CHAPS assessment, problems/topics, follow-up notes, and patient notebooks were organized by the Siebens Domain Management Model (SDMM), a comprehensive 4-domain clinical framework (I. Medical/Surgical Issues; II. Mental Status/Emotions/Coping; III. Physical Function; IV. Living Environment).11 The health care notebook contained the CHAPS assessment, education sheets, a patient-specific “My Action Plan,” and text explaining notebook purpose and options for how to use it.9,12
Outcome measures
The study's primary goal was adherence to PD quality indicators as measured across 9 categories: (1) communication, education, and continuity; (2) health maintenance; (3) regulatory reporting; (4) assessment of nonmotor symptoms and falls; (5) assessment and counseling about PD medication side effects; (6) management of motor symptoms; (7) management of nonmotor complications of PD; (8) use of nonpharmacologic approaches and therapies; and (9) palliative care.13
Secondary outcomes covered health-related quality of life (Health Utilities Index 3 [HUI3]),14 speech, drooling, swallowing and eating (Unified Parkinson's Disease Rating Scale Activities of Daily Living),15 social support (Medical Outcomes Study [MOS] Social Support Scale),16 self-efficacy (General Self-Efficacy Scale),17 perceptions of care quality (Consumer Assessment of Healthcare Providers and Systems [CAHPS]), and the Patient Assessment of Chronic Illness Care (PACIC),18,19 and self-reported depression screeners (WHO Well-being Index–5 [WHO-5], Patient Healthcare Questionnaire [PHQ]–2 , and PHQ-9 administered to participants who had a score of 3 or higher on the PHQ-2).10,20–22
For CHAPS process evaluation, a convenience sample of intervention veterans, in the last several months of the study, answered questions about their CHAPS experience after completing their final survey. NCMs and providers completed an anonymous survey about their impressions of CHAPS.
VA utilization data were abstracted during EMR review. This included outpatient visits (by provider type), emergency department visits, telephone calls, other non-face-to-face contacts, and VA hospitalizations.
Analytic sample size, statistical power, and enrollment sample size
The sample size calculation was based on the primary outcome of guideline adherence to 38 PD indicators, expressed as the mean across the study participant group of the per-patient proportion of applicable guideline measures for which there was adherence.9 Using a medium effect size of 0.4 (Cohen d), similar to other chronic disease studies, significance level of 0.05 and power of 90%, we calculated an analytic sample size of 266 (133 in each arm). Using an estimate of 80% study sample retention rate, the target enrollment was 167 in each arm for a total of 334. The figure shows flow of enrollment, allocations, follow-up, and analytic sample.

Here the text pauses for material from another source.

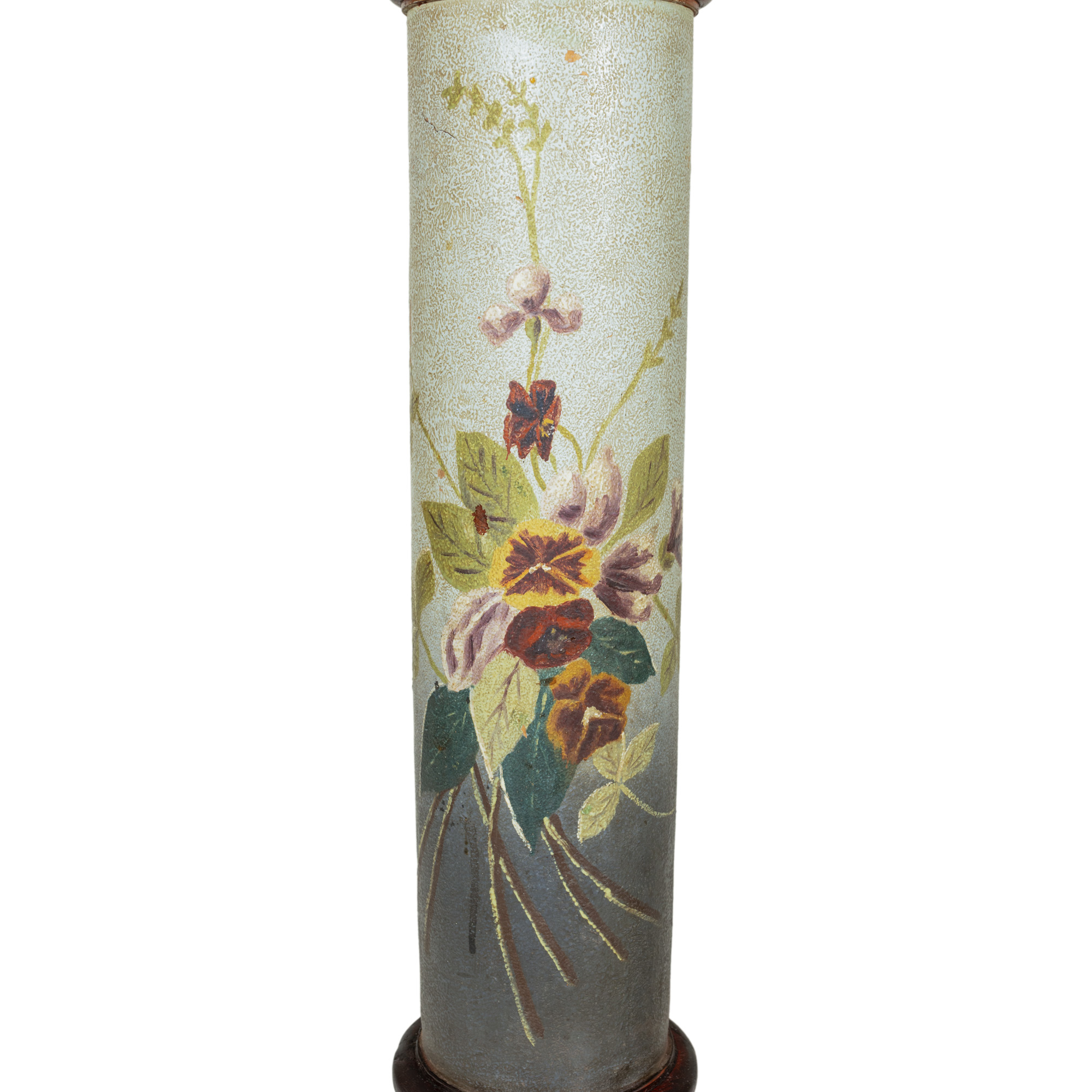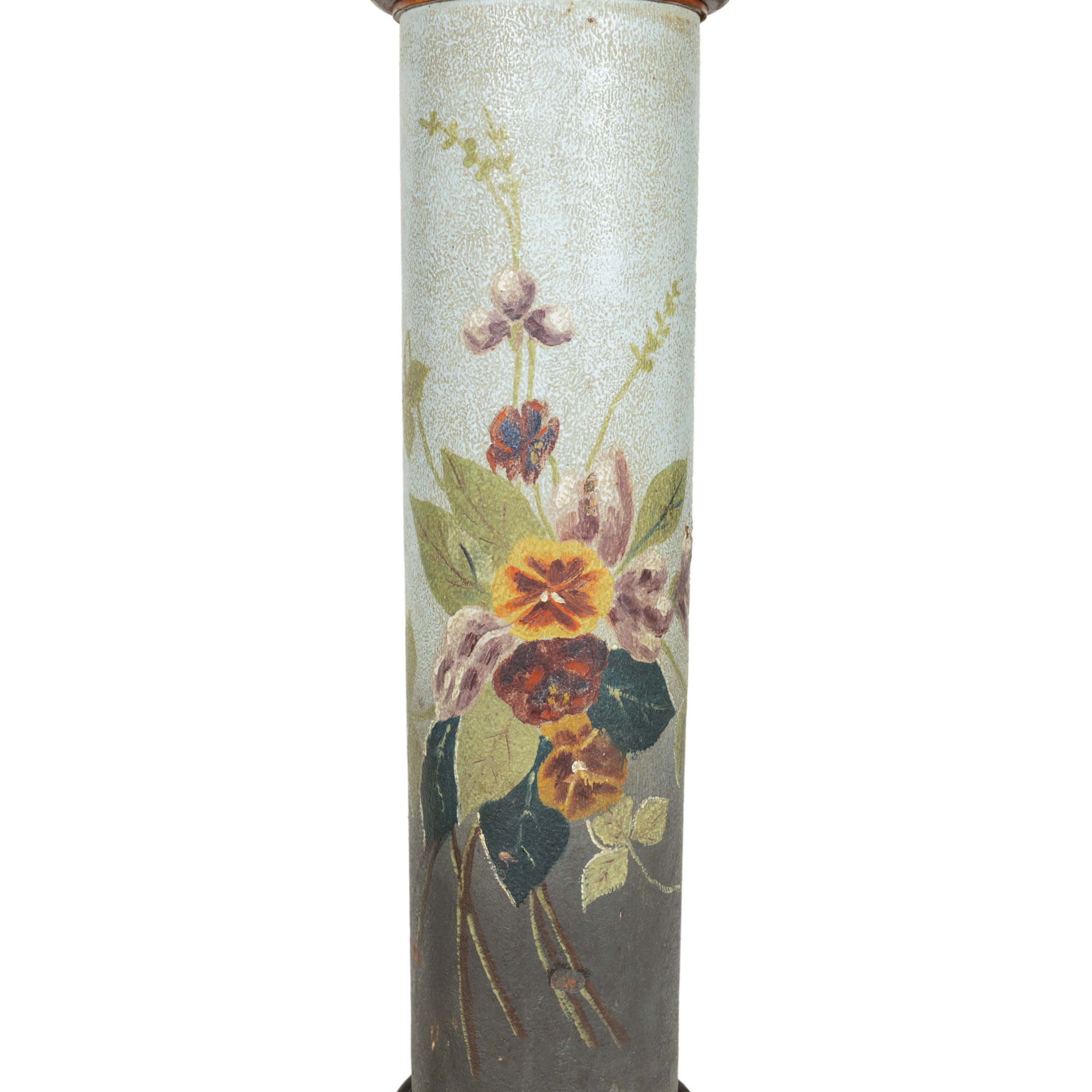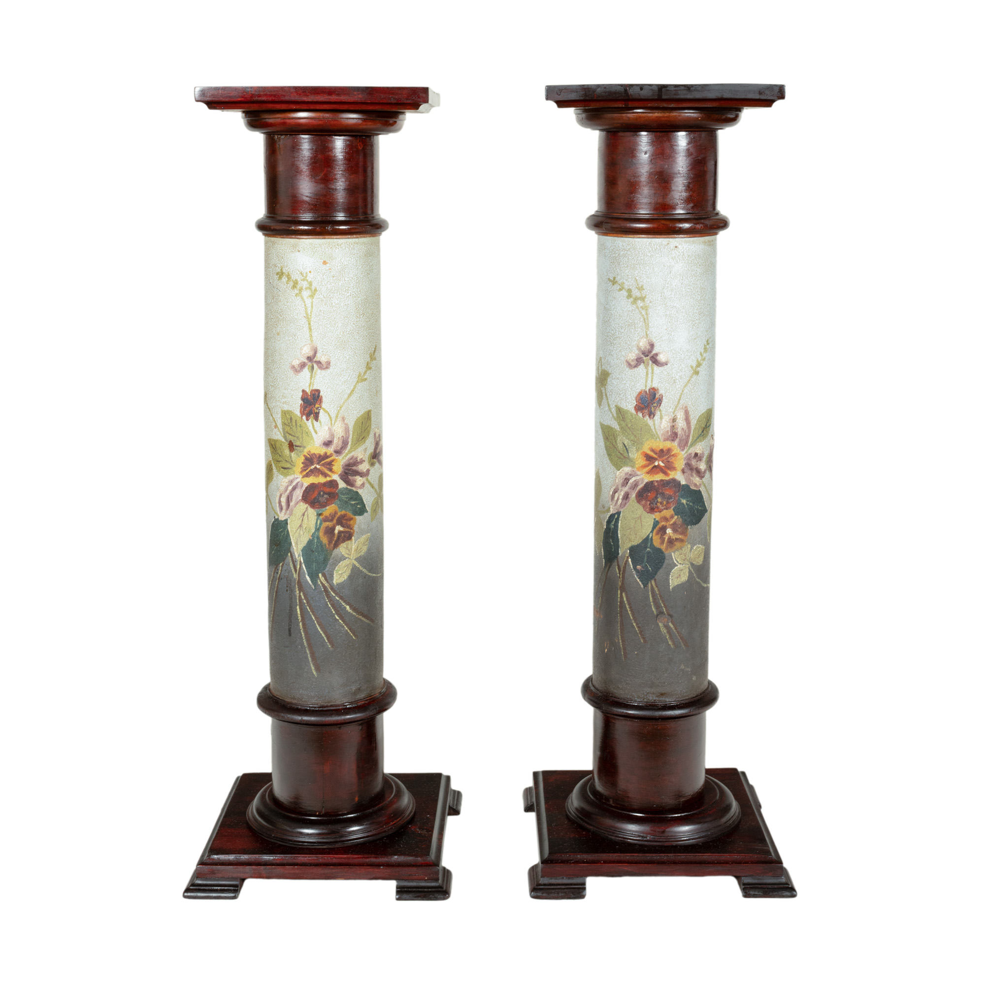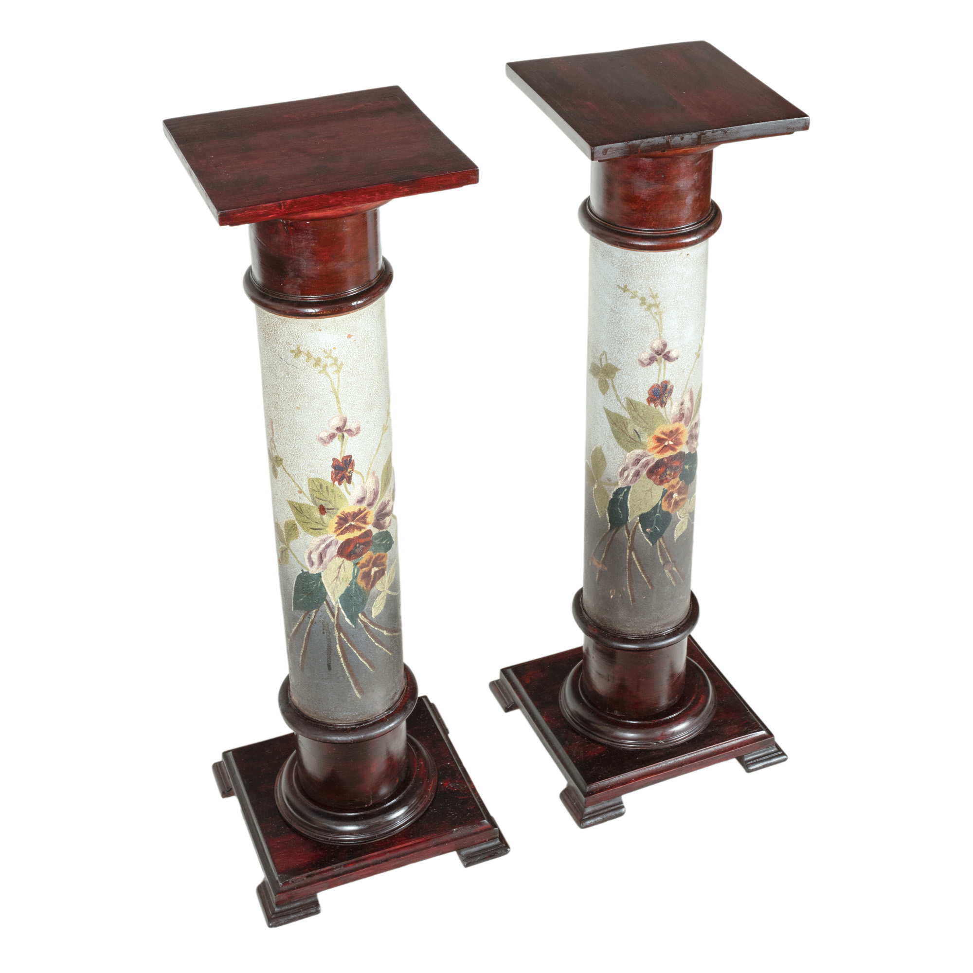 76. Pereche de piedestale din lemn ebenizat, cu decor floral pictat, începutul sec. XX

The actual number of indicators measured was 18 and not 38. This change has no effect on the sample size because the number is the denominator of the primary outcome of proportion/percent adherence.
Analysis
Distributions of baseline characteristics between usual care and intervention arms were compared using the 2 group t test for continuous measures and χ2 test or Fisher exact test for categorical data. For the primary outcome, the average proportion of 18 PD indicators met was compared between the 2 arms using a 2-group t test, in an intent-to-treat analysis. Changes in secondary outcomes were assessed from baseline to the veteran's final survey (24-month survey for the first 193 participants and 18-month survey for the remaining 135 participants).
For the secondary outcomes, we analyzed data in 2 ways. Outcomes were compared using 2 time points (the baseline survey and final survey) and using repeated-measures mixed-effects models (SAS PROC MIXED) that included all time points (baseline, and then 6, 12, 18, and 24 months) based on an intent-to-treat analysis. Missing values were imputed with the last-value-carried-forward method. Covariates of site and NCM noncoverage (% of days veteran was in the study when there was no NCM available) were included in all models. For each outcome, 2 covariance structures were modeled: autoregressive (assumes measurements for the same individual become less correlated as they were further apart in time) and compound symmetry (assumes the correlation between observations is constant, regardless of the time lapse between measurements). For each outcome, the model with the lowest Akaike Information Criterion23 was selected. The key p value was the interaction term of time by study arm.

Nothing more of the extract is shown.